Divergence #1 seeks to set up the new status quo for Batman, Superman, and the Justice League after Convergence. Batman gets top billing, as he often does these days. In “The Rookie”, Gotham City without Batman has thankfully not descended into chaos and fire following the events of Batman #40. It’s actually pretty refreshing to see Gotham at peace for once, though the narrating TV reporter speaks of unhealed wounds. Indeed, Capullo treats us to a beautiful splash page of a crowd of Gothamites shining miniature Bat Signals in the sky, looking positively sullen.

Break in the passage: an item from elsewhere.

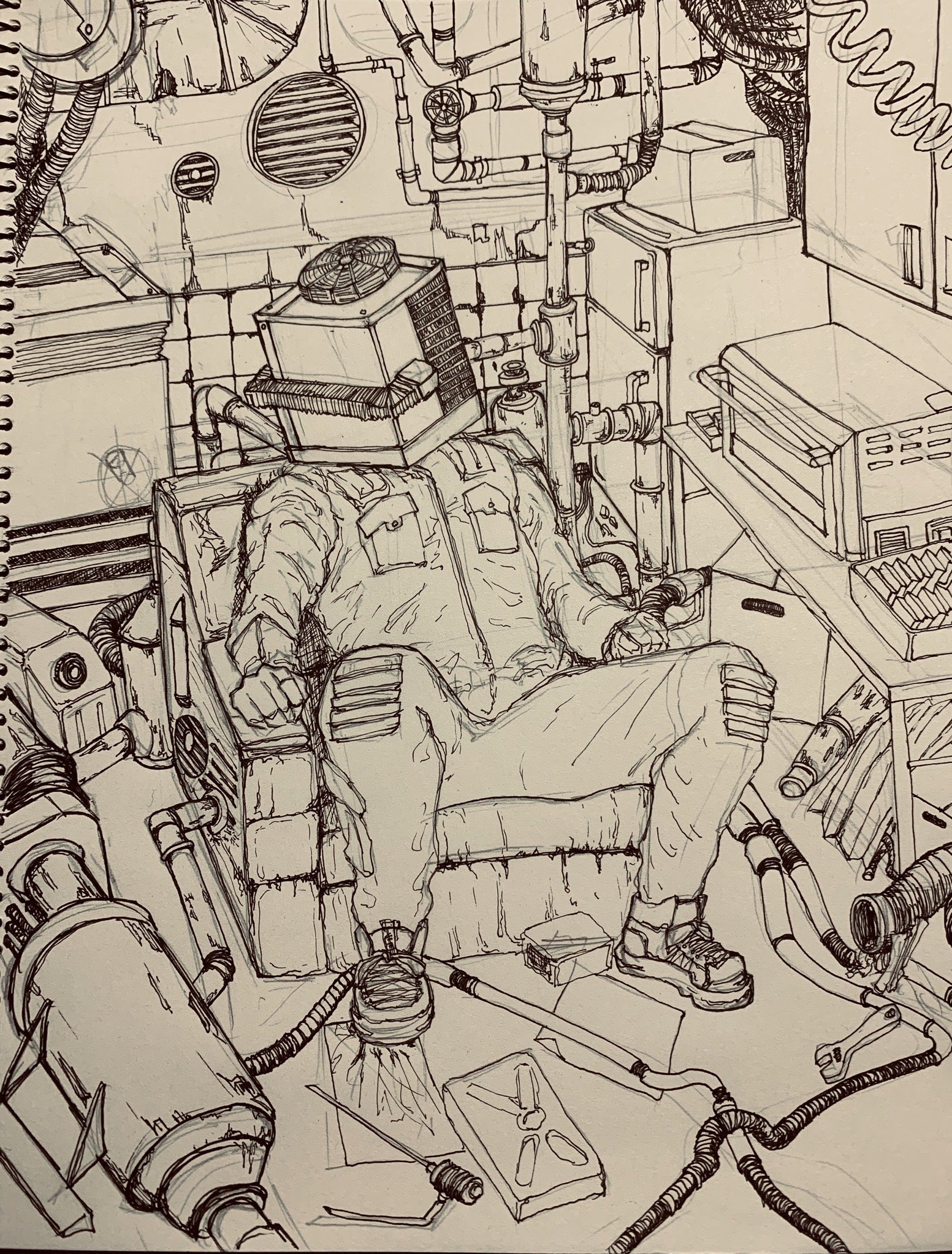 そんな中、彼aircon-manは頭がエアコンになっていて、その頭で体温調節と空気清浄を行えます。つまり、屋外で活動できるのです。そして、今回のジオラマ作品では、彼の自宅と彼自身を制作して、パフォーマンスとして彼の生活ぶりを来場者さんに覗いてもらいます。彼は普段何を思い、何をしてるのか。一体どんな生活を送っているのか。気になりますよね。

Batman, Divergence, Greg CapulloBut all hope is not lost! The Hillary Clinton-esque Geri Powers appears to reassure the citizens of Gotham City that a new Batman is about to be born. Who’s behind the cowl this time? I think I’ll leave that for you readers to find out for yourselves. But I’ll tell you this: It’s equal parts astounding and amusing. It was also nice to see the seeming end of Batman through the point-of-view of the ordinary, mundane folks like the reporters and cops. The inner circle of the Bat-family is nowhere in sight, except for the new “Batman.”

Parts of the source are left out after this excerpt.